Прочие обвинения были еще менее правдоподобны. Трое епископов были осуждены по обвинению в агитации за открытие закрытых церквей плюс в антисоветской деятельности.[121] Буддистов обычно объявляли японскими шпионами, которые занимались вредительством: то пытались взрывать мосты, то вредили, дескать, в колхозах.[122] «Деятельностью контрреволюционного мусульманского духовенства» тоже будто бы «руководила японская разведка».[123] Затем «органы НКВД в 1937 году вскрыли и уничтожили немало шпионских гнезд, возглавлявшихся „святыми“ ксендзами и пасторами». Этих людей обвинили во вредительстве на фабриках и заводах, мостах и железных дорогах, в «подрыве колхозов» и в шпионаже,[124] НКВД «раскрыло» также и «вражеское гнездо раввинов», которые в Москве «выполняли задания фашистских разведок».[125]

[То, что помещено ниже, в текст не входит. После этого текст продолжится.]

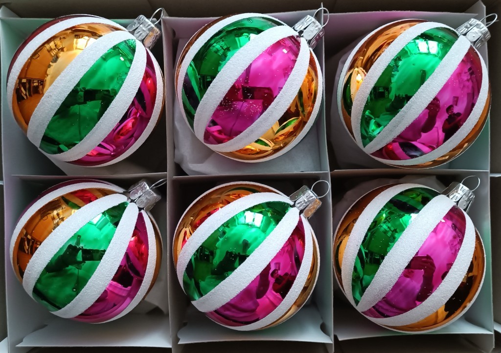+420 731 683 257vanocniozdoby@slezska-tvorba.czSkleněná vánoční ozdoba ve tvaru koule, hladká, barva ass, lesk, dekor/balónek, velikost 7 cm. Foto ilustrační.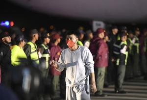 (250220) -- LA GUAIRA, 20 febrero, 2025 (Xinhua) -- Un ciudadano venezolano deportado de Estados Unidos reacciona a su llegada...

Если с национальностью, прошлым, политическими взглядами все было благополучно, то могли подвести связи. Репрессии, начавшиеся внутри партии, правительства и армии, шли вширь: у каждого осужденного были родственники и знакомые, а у знакомых — свои родственники. Мы уже упоминали о четырех списках людей, подлежащих расстрелу, которые Ежов направил Сталину. Список № 4 состоял из «жен врагов народа».[126] Мы рассказывали, как были ликвидированы или отправлены в тюрьму родственники репрессированных генералов. Военных обычно расстреливали быстрее, чем штатских, и без суда. В некоторых затянувшихся делах признания осужденных были получены в обмен на обещания не убивать членов семей. Иногда Сталин держал данное слово. Одна осужденная беженка повстречала в лагере 12 жен, двух дочерей, невестку и двух сестер крупных партийных работников, включая жену Ягоды.[127] Жены, как правило, получали по 8 лет.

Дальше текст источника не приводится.